Pound Sterling hits one-month high as UK GDP data beats estimates
The Pound Sterling (GBP) attracts bids against its major peers on Thursday on upbeat United Kingdom (UK) Gross Domestic Product (GDP) and factory data. The Office for National Statistics (ONS) reported that the economy grew by 0.3% in the second quarter of the year, stronger than expectations of 0.1%. In the first quarter of the year, GDP growth was 0.7%.
In June, the UK economy grew by 0.4% after contracting 0.1% in May, while it was expected to rise just by 0.1%.
Factory data has also come in stronger than projected. Month-on-month, Manufacturing and Industrial Production rose by 0.5% and 0.7% in June, respectively, after declining significantly in May.

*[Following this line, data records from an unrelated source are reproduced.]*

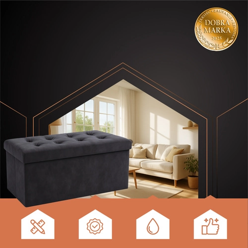 Zahvaljujući volumenu od 110 litara sakrit ćete sve od deka do sezonskih dodataka. Konstrukcija s MDF ojačanjem je stabilna, a puf možete u nekoliko sekundi sklopiti ravno i uštedjeti prostor. Neutralna siva boja uklapa se u moderne i klasične interijere.
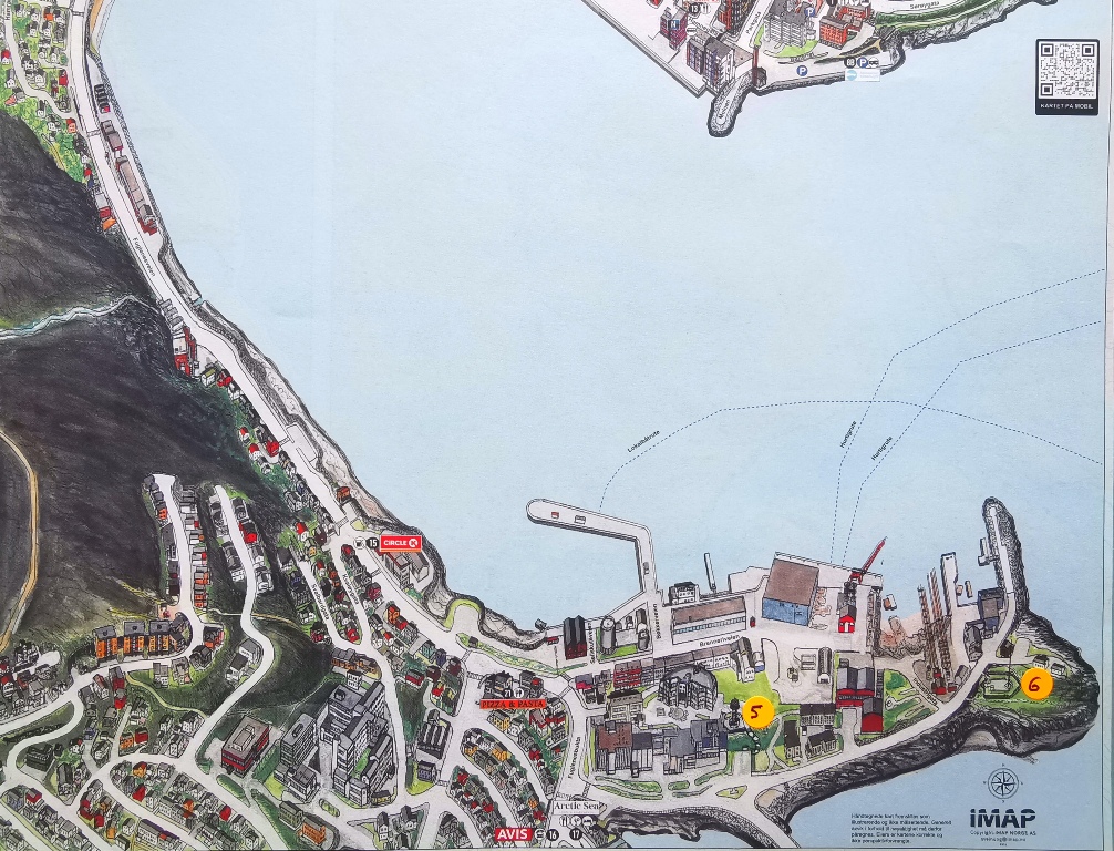 Mitten im Zentrum kann man die (ev.) Kirche und das wirklich interessante Museum besuchen, zu den Eisbären-Statuen vorm Rathaus bummeln, sich den hübsche bunten Pavillon dahinter am Hügel anschauen. Ein Stück weiter links befindet sich nun der Eisebärenklub, und kurz davor die hübsche kleine Kath. Kirche im 1. Stock, die bisher immer geöffnet war, wenn ich dort war.
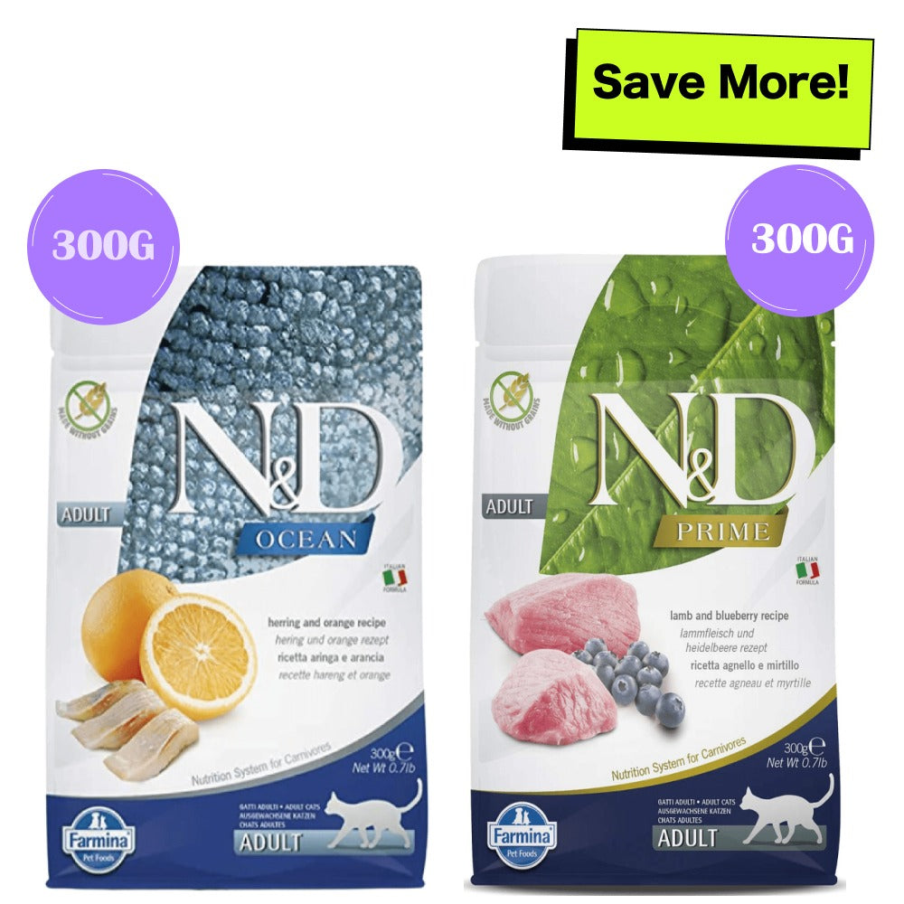 Farmina N&D Prime Lamb & Blueberry Grain Free Adult Cat Dry Food (300g)

Upbeat GDP and factory data show that the economy is holding up better than anticipated, a scenario that could allow the Bank of England (BoE) to avoid reducing interest rates aggressively and thus supportive for the Pound Sterling.
In the monetary policy meeting earlier this month, the BoE reduced interest rates by 25 basis points (bps) to 4.00% and retained its “gradual and careful” monetary expansion guidance. Still, it was a very tight decision as four of the nine BoE members voted to keep rates unchanged.